On appeal, the Court of Appeal upheld the trial court’s decision and upheld the amount of damages the franchisee was awarded. In discussing contractual interpretation generally, the court stated that courts must give intention to the parties in accordance with the written word of the document and “presumes that the parties have intended what they have said”. The contract should be interpreted as a whole in a manner that gives meaning to all of its terms and in accordance with commercial principles and business sense.
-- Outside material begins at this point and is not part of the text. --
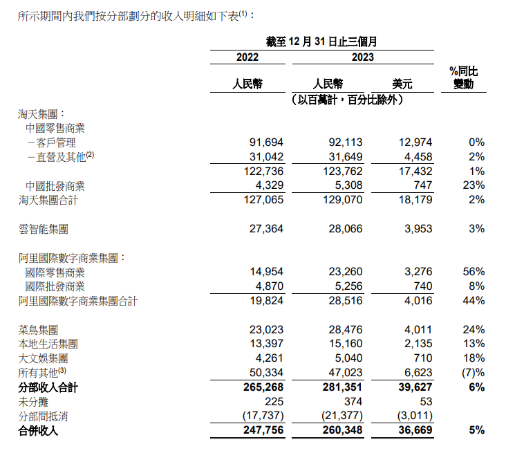 文|王亚琪 编辑|斯问 来源 | 电商在线 2024年2月7日,阿里巴巴集团 (纽交所:BABA,港交所:9988,以下简称“阿里”)公布截至2023年12月31日止的季度业绩(2023年10月1日—12月31日)。 过去一年,对于阿里而言,是变化颇多的一年。 2023年一开年,阿里就以“1+6+N”组织变革将业务分拆成淘宝天猫商业、本地生活等六大业务集团和多家业务公司;年末,新上任的淘天集团CEO吴咏铭又官宣以80后少壮派为代表的全新淘天管理团队,这支年轻团队负责的淘天集团在阿里贡献收入接近一半。 2024年,阿里预计将针对核心业务,保持积极投入。 如今身兼集团、淘天集团、云智能集团三个CEO职务的吴咏铭表示:“集团最高优先级是让电商和云计算两大核心业务重燃增长动力。未来一年,我们将在改善用户核心体验上加大投入,以支持淘天集团重拾增长及稳固市场领导地位。我们将聚焦资源开发公共云产品,保持国际商业业务的强劲增长势头。” 这个季度,阿里宣布将股份回购计划增加250亿美元,加上之前马云和蔡崇信的真金出手。这充分说明内部思想已经统一,2024年必将是新的开始,巨震背后,资本市场也要花时间认识和理解一个新的阿里巴巴。 ![]() 用消费频次带动GMV增长 这一季度,阿里收入为2603.48亿元(本文财务数据均以人民币计),同比增长5%。 经调整EBITA同比增长2%至528.43亿元(一项非公认会计准则财务指标,剔除了部分利润影响项目如利息费用、投资净收益,被认为能更准确地反映核心经营业绩)。 其中,淘天集团的收入贡献依然是最高的,收入1290亿元,同比增长2%。其主要收入和利润来源于“客户管理收入”,也就是平台商家的广告费和佣金,这一项相较同期维持平稳。 客户管理收入之外,淘天集团还有“直营及其他”业务(主要是天猫超市、天猫国际),和中国批发商业(1688批发平台)。分别收入316亿元、53亿元,增长2%和23%。 ![]() 值得注意的是,由于交易买家数和订单量的增长,本季度在线GMV实际上取得了同比增长,但部分被平均订单金额下跌所抵销。从财报中来看,这主要是因为年初提出的价格力战略已开始奏效,阿里拓展了更多性价比的产品种类,平台收入结构也发生了变化——过去天猫商家往往更受外界注意,但价格力战役下,淘宝商家提供的GMV正在增长。 价格力是2023年电商行业最重要的关键词。在激烈的中国电商市场中,和其他平台相比,阿里一直更为强调消费分层的重要性。价格力也被认为是淘天“用户为先”的重要体现。 在财报后的电话会上,吴咏铭指出: “鉴于现在用户跨平台消费的竞争形式,回归用户是我们的战略核心。我们将在用户核心体验上加大投资,提高客户购物体验。我确信淘天集团坚持万能的淘宝的定位,在消费分级体系下,为不同消费者提供好货、好价、好服务的购物体验,一定能够获得用户的信任,重回增长轨道。因此,2024年对于淘天集团是综合能力提升之年,也会是一个投入的大年。” ![]() 他透露,新的一年,淘天集团将按照优先顺序重点投入以下方面: 第一,商品供给。加强淘宝天猫平台对品牌商品和产业带商品的投入。这将进一步强化淘天的商品供给优势,从而更好地满足消费者的趋势和需求; 第二,价格力及效率。加大投入产品能力建设和商家与平台的商业模式关系优化,针对不同类型的供给方提供灵活经营模式,提升商家以及工厂的经营效率,创造出更优性价比; 第三,协同商家及物流合作方,提升售前、售中、售后以及物流的全程消费者体验。 总结来看,现阶段淘天集团更为看重的,是通过供给的丰富,给出更具性价比的商品,只要赢得用户,就能赢得“增长”。吴咏铭在电话会中表示:“通过以上措施,提升淘天的综合能力,并提供好货、好价、好服务的消费体验。我们相信平台的消费体验和服务质量的提升,一定能带来用户消费频次的提升,也会带来用户增长效率的显著提升。” 国际业务增速亮眼,但仍在亏损 总的来看,淘天集团本季度贡献1290亿元收入,接近于阿里总收入的一半。剩下一半,由“1+6+N”中,除淘天集团之外的五大业务集团,及“N”代表的“所有其他”业务贡献。 这一季度,云智能集团收入280.66亿元,同比增长3%。其利润增长更为亮眼,经调整EBITA同比增长86%至23.64亿元。对此财报中给出的解释是,因为减少利润率较低的项目式合约类收入,提升了收入质量。同时,公共云产品及服务收入增长,带动盈利能力的提升。 但要说增长最迅速的,还是国际数字商业集团。 2022年1月份,蒋凡开始带队阿里国际业务,也就是现在的阿里国际数字商业集团。不像亚马逊用一个平台做全球市场。阿里国际业务往往基于不同的地域,推出不同的产品。其中,全球批发业务主要是阿里国际站,全球零售业务是速卖通。深耕单一市场的平台,东南亚有Lazada,欧洲上线了Miravia,土耳其是Trendyol,还有南亚的 Daraz。 ![]() 这一季度,该集团收入同比增长44%至285.16亿元,整体订单同比增长24%。这一营收规模已和菜鸟的284.76亿元、云智能的280.66亿元基本持平。其中,速卖通实现超过60%的订单同比增长,主要是因为Choice的推出。 去年3月,基于全托管和半托管模式的速卖通Choice在海外上线,Choice通过高性价比、高品质的商品,以及更快的物流速度和更好的客户服务,提供更佳的体验。2024年1月,Choice订单约占速卖通总订单量的一半。 此外,Trendyol录得双位数订单增长,并进一步将业务扩展

The Court of Appeal found that the trial judge applied sound principles of contractual interpretation in concluding that the franchise agreement was not ambiguous and was clear as to its intention to grant a renewal to the whole of the “Bayshore Shopping Centre” and not just to a specific unit occupied by the franchisee at the time.
In its analysis of the breach of the duty of good faith, the Court of Appeal found that given the trial judge’s finding that the agreement granted the franchisee with a right of renewal to the whole Bayshore Shopping Centre, the franchisor was therefore in a breach of the duty of good faith for failure to uphold the renewal provisions of the agreement.
In its assessment of the amount of damages awarded to the franchisee, the defendant franchisor submitted that the trial judge should have only awarded damages under the Wishart Act to compensate the franchisee for its pecuniary losses, and no damages should be awarded for non-pecuniary losses (referring to the $50,000 breach of good faith award). The Court of Appeal stated that the Wishart Act “deserves a broad and generous interpretation” and is “intended to redress the imbalance of power as between a franchisor and franchisee” and “provide a remedy for abuses stemming from this imbalance”. Any breach of the duty of good faith and fair dealing was held to be egregious conduct and “precisely the mischief that this legislation was enacted to remedy”. Therefore, the Court of Appeal found that s. 3(2) of the Wishart Act permits an award of damages for the breach of duty of good faith separate and in addition to awards for pecuniary losses. The Court of Appeal concluded by saying that any award under s. 3(2) should be “proportionate to the degree of the breach or offending conduct in the particular circumstances”.